Gut gerüstet gegen die Pneumonie

Manuela Arand

Wenn hinter einer entzündeten Lunge multiresistente Keime stecken, sind neue Strategien gefragt. Wenn hinter einer entzündeten Lunge multiresistente Keime stecken, sind neue Strategien gefragt. © Science Photo Library/ Marazzi, Dr. P.

Ambulant erworbene Pneumonien radieren binnen zwölf Monaten quasi eine ganze Kleinstadt von der Landkarte. Bei hierzulande mehr als 30.000 Todesopfern pro Jahr ist es Zeit für neue Strategien, ein paar sind in Sicht.

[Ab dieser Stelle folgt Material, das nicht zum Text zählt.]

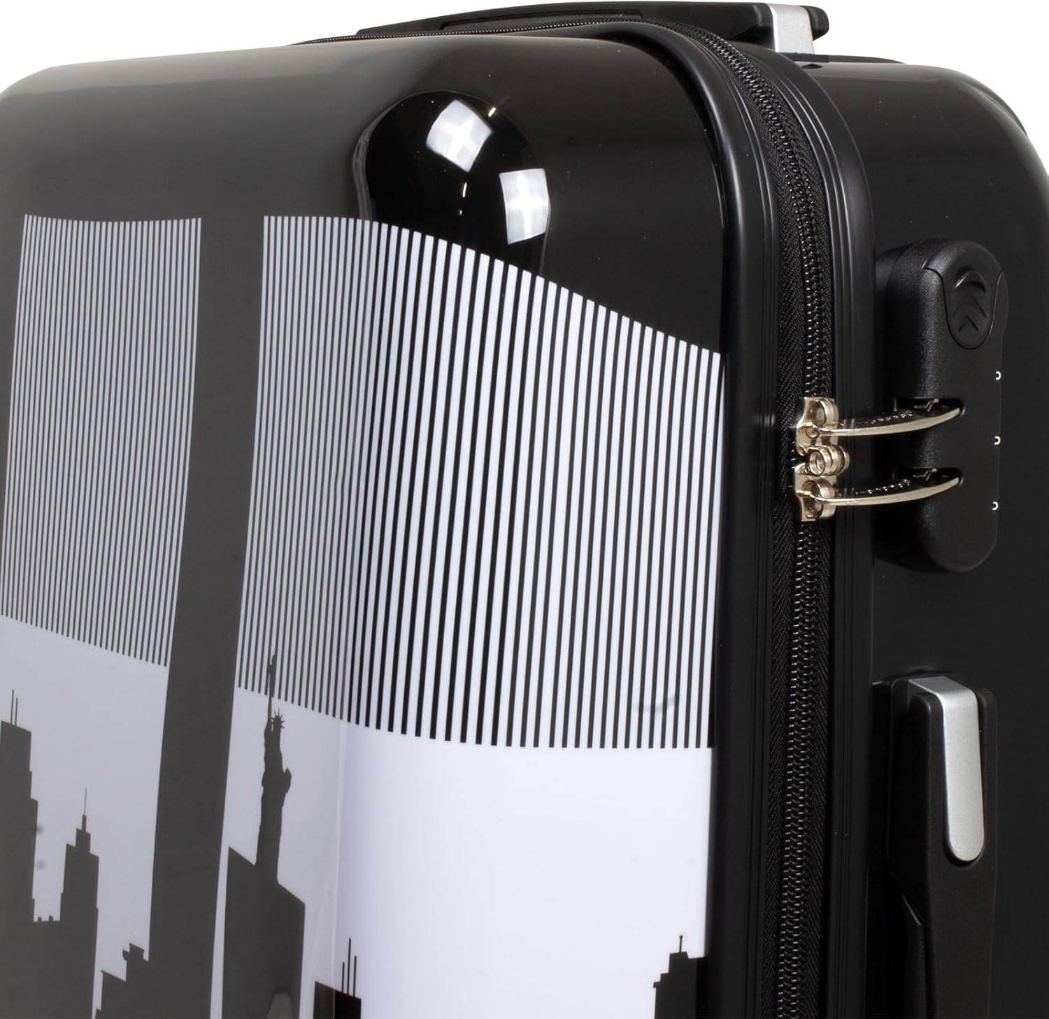 • Design: schwarze, stillvolle, Polycarbonat Koffer mit New York, Manhattan Design sind die richtige Eyecatcher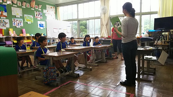 今日はALTの先生がいらっしゃって、楽しい英語活動です。1・2年生は「Touch the Collar」という教室の中にある色を見つけるゲームをして楽しんでいました。動画でご紹介できないのが残念!

Sorgen bereiten Patienten mit ambulant erworbener Pneumonie (CAP), die in der Klinik landen. „Die stationäre Letalität beträgt 10–14 % und damit deutlich mehr als beim Myokardinfarkt, und sie ist seit Jahrzehnten unverändert“, sagte Prof. Dr. ­Martin ­Witzenrath, Charité – Universitätsmedizin Berlin. Fortschritte im Kampf gegen diesen Missstand sind aktuell auf mehreren Gebieten zu verzeichnen.

RSV-Impfstoffe

Noch in diesem Jahr dürfte ein erster Vertreter von RSV-Vakzinen auf den deutschen Markt kommen. RSVPreF3 OA (Older Adults) basiert auf dem RSV-Präfusionsprotein F und wurde an fast 25.000 Probanden gegen Placebo geprüft. Eine Impfung reduzierte die Rate schwerer PCR-bestätigter RSV-Infektionen in der aktuell veröffentlichten Phase-3-Studie1 um knapp 95 % und die unterer Atemwegsinfektionen um fast 83 %. Weitere RSV-Impfstoffe sind in der Entwicklung.

Antibiotika

Neues gibt es endlich auch von der Antibiotikafront zu berichten – höchste Zeit angesichts der Ausbreitung multiresistenter Keime, welche Liegezeiten und Behandlungskos­ten erhöhen und jährlich mindes­tens 6.000 Todesfälle verursachen. 27 Anti­biotika befinden sich aktuell in den Pipelines oder wurden kürzlich eingeführt. Das klingt viel, relativiert sich aber angesichts der Tatsache, dass nur sechs von ihnen neuartig genug sind, um Resistenz zu überwinden, und nur zwei zu neuen Wirkstoffklassen gehören, so Prof. Witzenrath. 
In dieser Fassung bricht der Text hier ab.